The Bank, a major financial investor in the country which has already committed over €6 billion (USD 8.3 billion) through 264 projects, will focus on addressing these key transition challenges in line with the government’s reform programme and in close coordination with other International Financial Institutions (IFIs) and bilateral donors.
The level of investment in Ukraine will, to a large extent, depend on the implementation of reforms in all main sectors, while slow reform progress and deteriorating investment climate will inevitably lead to reduced investments by the Bank in the public and private sector respectively.
The Bank has selected key operational priorities for the next strategy period which reflect the transition challenges in the economy:
Energy sector: the Bank will finance projects that will increase the overall energy efficiency and decrease the carbon intensity of the sector. It will support upgrades of electricity transmission networks that would integrate Ukraine into the European energy market. The EBRD is also ready to support safety upgrades in the nuclear sector, where it will ensure a strong level of technical and environmental due diligence. The Bank may also participate in the modernisation of Ukraine’s gas transportation and distribution system, provided the Ukrainian authorities pursue a comprehensive and credible reform agenda, including restructuring of NAK NaftoGaz.

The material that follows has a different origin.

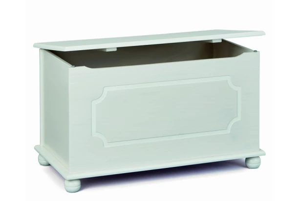 Praktická úložná truhlica s výklopným vekom v obľúbenom vidieckom štýle je vyrobená z bieleného borovicového dreva. Dekoratívne bočné prelisy a tvarované nohy dokonale dotvárajú štýlovú atmosféru domova.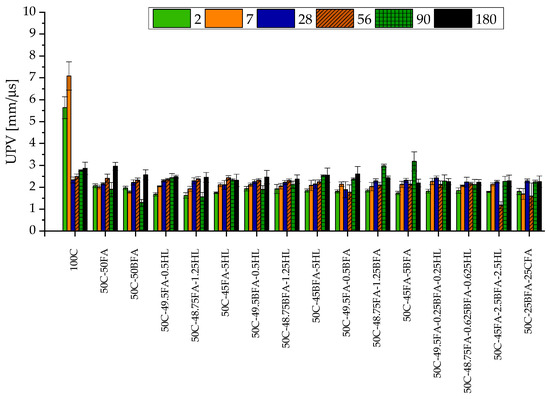 UPV values from the direct method for the different mortar formulations for 2, 7, 28, 56, 90, and 180 of curing.

Enterprise sector: in recognition of Ukraine’s great potential as an agricultural producer and exporter, the Bank will support private sector investments into all segments of this sector, especially the instruments that assist primary producers, including seasonal working capital. In the manufacturing industry, the Bank will help to diversify the economy and restructure old energy-intensive industries with a focus on improving their governance, transparency and energy efficiency. The Bank is planning to assist Ukraine in the development of its knowledge intensive industries and in better use of its human and scientific potential. It is also ready to support the government’s privatisation programme, subject to transparent process and tendering of remaining state enterprises.
Infrastructure: in the road sector, the Bank will support the modernisation of the key international corridors connecting the country with the European Union as well as priority national and regional roads. Railway sector projects can be supported only after the authorities make credible steps to corporatise the national rail operator. The Bank is ready to make a significant investment into modernisation of municipal utilities, in particular the district heating companies, to unlock large potential energy efficiency gains with the assistance of international Eastern Europe Energy Efficiency and Environment Partnership (E5P) donor fund. However, this would need to be preceded by amendments to the Budget Code, to enable cities to guarantee loans to municipal enterprises.
Financial Sector and Capital Markets: main priorities will include providing the banking sector with targeted long-term loan and equity funding. The lending instruments would focus on micro and small businesses, financing energy efficiency improvements and trade facilitation. In cooperation with other IFIs, the Bank will help the authorities to address develop local capital market, including structuring loans in local currency.